▶ _TASK TO COMPLETE_
Reproduce the listing below exactly, except for its pictures.

▶ _SUPPLIED INFORMATION_
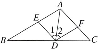 9. 如图,D是△ABC的边BC上一点,DE//AC交AB于点E,DF//AB交AC于点F,连结DA,若∠1 = ∠2,试说明AD是△ABC的角平分线.
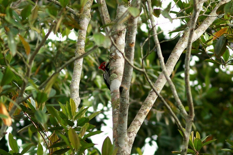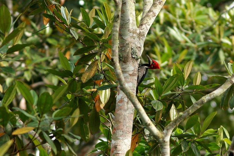 Crimson-Crested Woodpecker 28 cm Campephilus melanoleucos Pic de Malherbe Carpintero Garganta Negra Spots Obs : Yacumama Période : Commentaire :
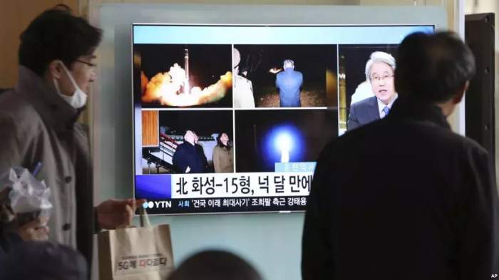 人们在首尔火车站观看有关朝鲜发射导弹的电视新闻

▶ _ANSWER_
 9. 如图,D是△ABC的边BC上一点,DE//AC交AB于点E,DF//AB交AC于点F,连结DA,若∠1 = ∠2,试说明AD是△ABC的角平分线.
 Crimson-Crested Woodpecker 28 cm Campephilus melanoleucos Pic de Malherbe Carpintero Garganta Negra Spots Obs : Yacumama Période : Commentaire :
 人们在首尔火车站观看有关朝鲜发射导弹的电视新闻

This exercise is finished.